This past week, I sent two sympathy emails and two sympathy cards – one each for a person and a pet. While the younger generation thinks nothing of sending condolences through emails or Facebook, and the older generation thinks that unacceptable in sensitive matters and flocks to the handwritten note, for me in the middle, I feel torn.

The beauty of the Internet is that it allows you to express feelings instantly, so for the person in mourning, right away they receive support. However, there’s a human touch element in writing a note that conveys much more than an instant message.

But is one better than the other?

Maybe it depends on how you receive the news. My Auntie M. posted on Facebook that her beloved cat died. Right away friends and family responded with sympathetic messages. Sure, it may only be a cat, but to her and the millions who love their pets, their deaths still leave a void. But it’s not just pets that people are posting of loved ones passing.

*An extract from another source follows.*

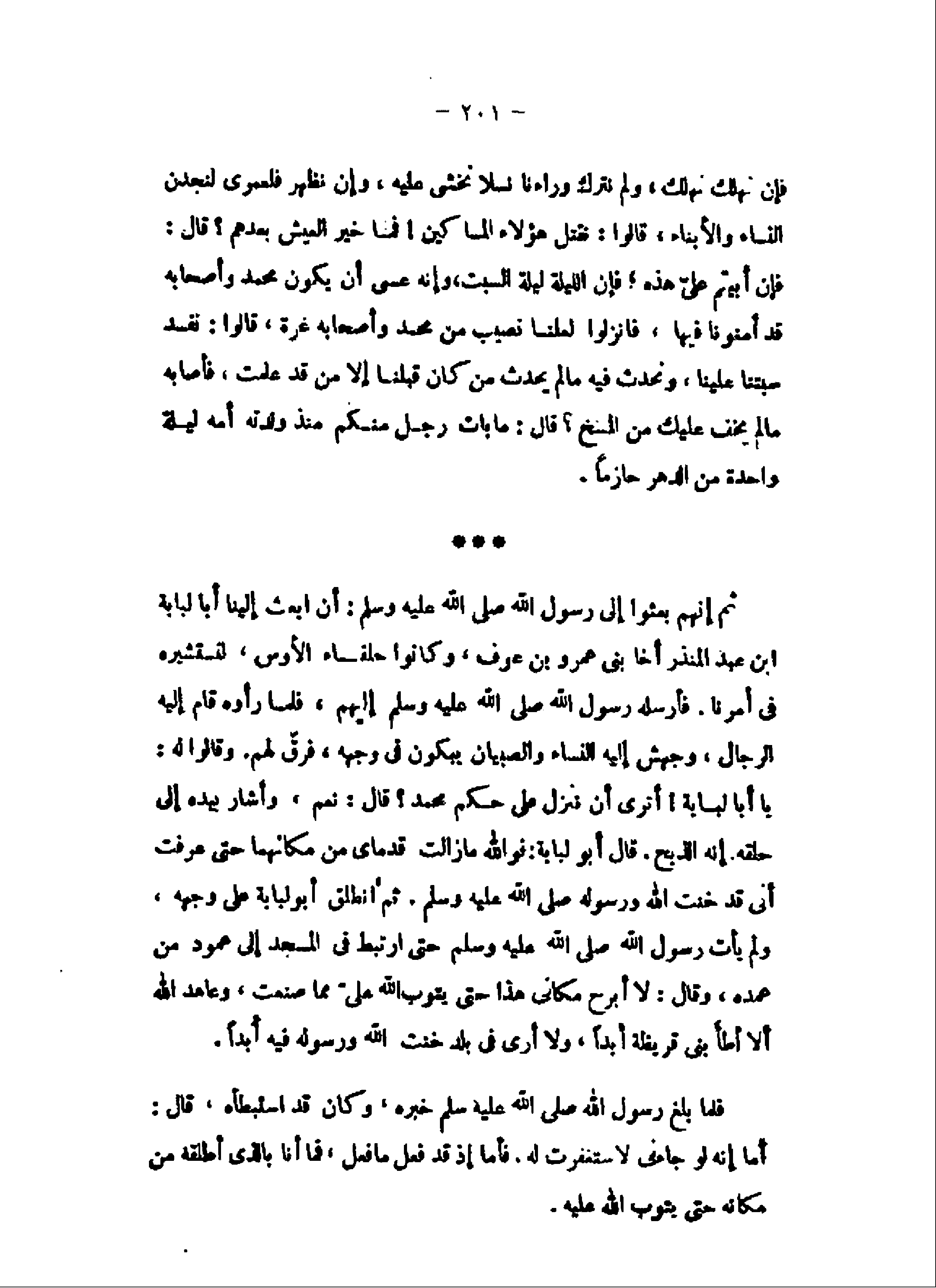 فإن أبيتم علىّ هذه، فإن الليلة ليلة السبت، وإنه عسى أن يكون محمد وأصحابه قد أمنونا فيها، فانزلوا لعلنا نصيب من محمد وأصحابه غرة، قالوا: نفسد سبتنا علينا، ونحدث فيه ما لم يحدث من كان قبلنا إلا من قد علمت، فأصابه ما لم يخف عليك من المسخ؟ قال: ما بات رجل منكم منذ ولدته أمه ليلة واحدة من الدهر حازما.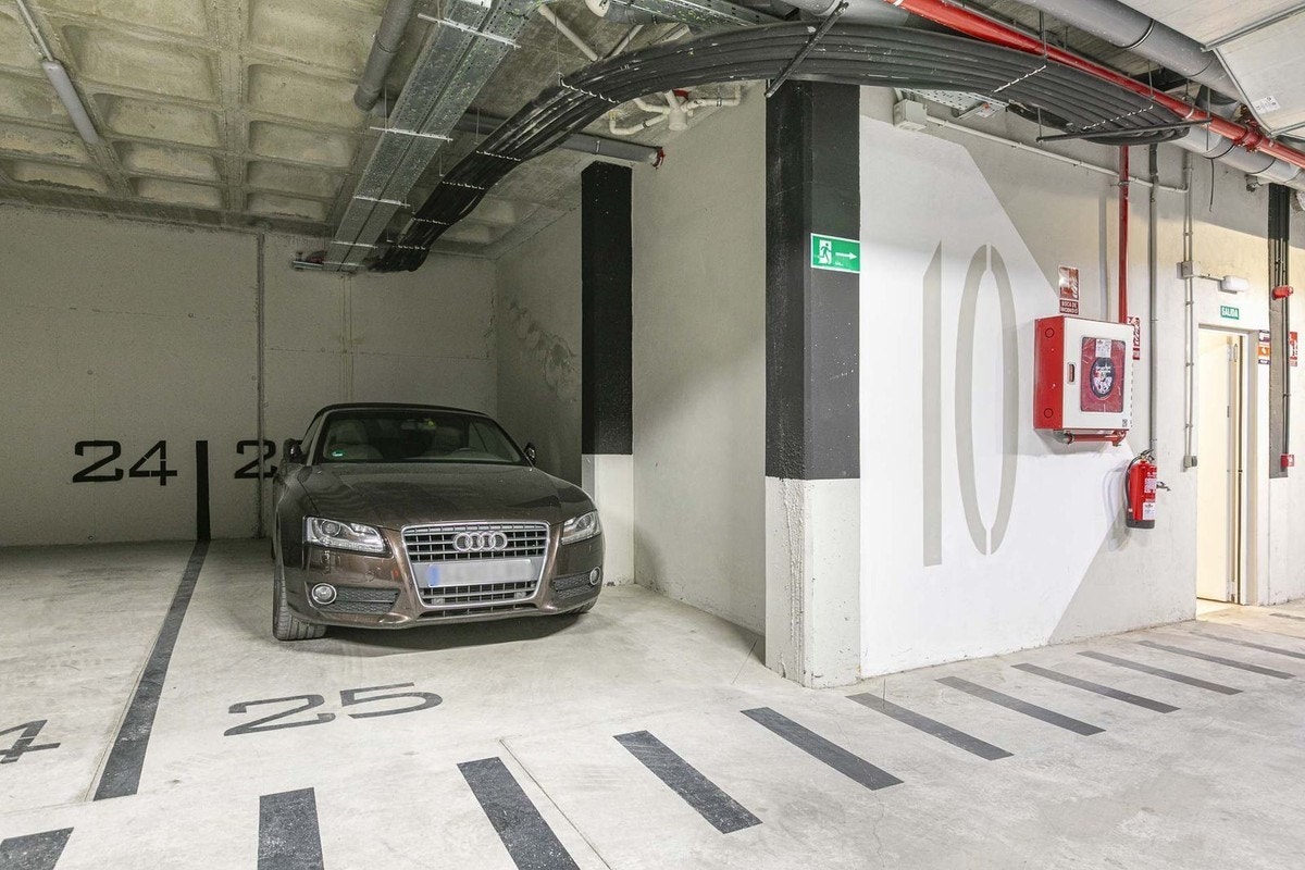 Denne lyse og moderne 3-soveroms dupleksen har en åpen kjøkken- og stueløsning med store gulv-til-tak-vinduer som slipper inn rikelig med naturlig lys.

A younger friend of mine found out via Facebook that her college roommate’s father passed away. The distraught friend, like so many others, had reached out to the masses to share this most horrible news in the only way a 20-year-old would. Instantly her page blew up with friends and family sending condolences and short messages of compassion. And it turns out, in her time of need, that instant comfort was exactly what she needed.

But for someone stuck in between these two generations, I choose to do both. While sympathy doesn’t need to be spelled out in longhand for it to be effective, I do find that when the flurry of messages cease and the mourner is left with their thoughts and heartache, there’s something about receiving a colorful envelope in the mail – one that stands out from the bills and the junk – that offers a special little lift of support, something that cannot be found online.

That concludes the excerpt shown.